Value of reserves: Our analysis from December 2022 composition reports shows that all the stablecoins have sufficient reserves backing the stablecoin in terms of value. All the stable coins are 100% backed by reserves at a 1:1 ratio.

Quality of reserves: Reserves for most of the stablecoins are composed of cash reserves and cash equivalent reserves denominated in US Dollars (the reference asset for all three stablecoins) which can be seen as HQLA. USD Coin has the largest amount of cash reserves out of all three stablecoins (23.69%), this is greater than both Tether (7.93%) and Binance USD (3.42%). However, the reserves for Tether (largest stablecoin by market capitalisation) are also composed of “other investments” which may not be seen as HQLA. The breakdown of reserves for the three largest stablecoins by market capitalisation can be seen in the graph below.

Transparency and valuation: Focusing on transparency, although all three are externally audited at least once a year, there are irregularities in the public disclosures of the value and composition of reserve assets. More specifically the composition of reserves are not disclosed weekly for all three stablecoins. The requirement of disclosing the value of reserves daily is only met by Tether and USDC out of all three stablecoins.

This analysis suggests that currently there are potential barriers to these stablecoins meeting the strict requirements to avoid being counted as Group 2b assets. However, transparency of stablecoin reserves is increasing - new regulatory requirements around fiat-backed stablecoins are imminent in the UK and EU, and the publication of the BCBS standards may act as a catalyst for stablecoin operators to increase the transparency and quality of their reserves.
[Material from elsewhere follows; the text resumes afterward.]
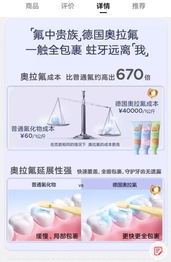 “一会儿说原材料是每公斤4万元的德国奥拉氟,一会儿说使用后牙釉质硬度提升30%,一会儿又提升60%,甚至还有提升104%的……”近日,宝妈李女士在社交平台发帖“吐槽”称,孩子即将到换牙期,为防孩子蛀牙,在电商平台选择儿童牙膏时,“被各种关于奥拉氟牙膏的神化宣传弄懵了。”

A placement in Group 1b for a stablecoin would mean capital treatment generally based on the existing Basel framework. However, there may also be additional capital costs for assets which avoid Group 2b: add-ons may be levied for any infrastructure weaknesses; and stablecoins which do not meet the ongoing classification conditions will be subject to more prudent capital requirements of Group 2a (if the hedging criteria is met) or Group 2b (if the hedging criteria is not met). It also must be noted that algorithmic stablecoins do not qualify for Group 1b.

Conclusion

Ultimately, while the proposed regime remains stringent, it is not as tough as that consulted upon. The direction of travel appears to be towards a regime which will allow banks to conduct cryptoasset business but which will require high standards of risk management tailored to the risks of individual cryptoassets. A robust consultation period which supports local implementation and enhancement of the existing standards will allow firms to enter the marketplace with more certainty, currently there are more questions than answers.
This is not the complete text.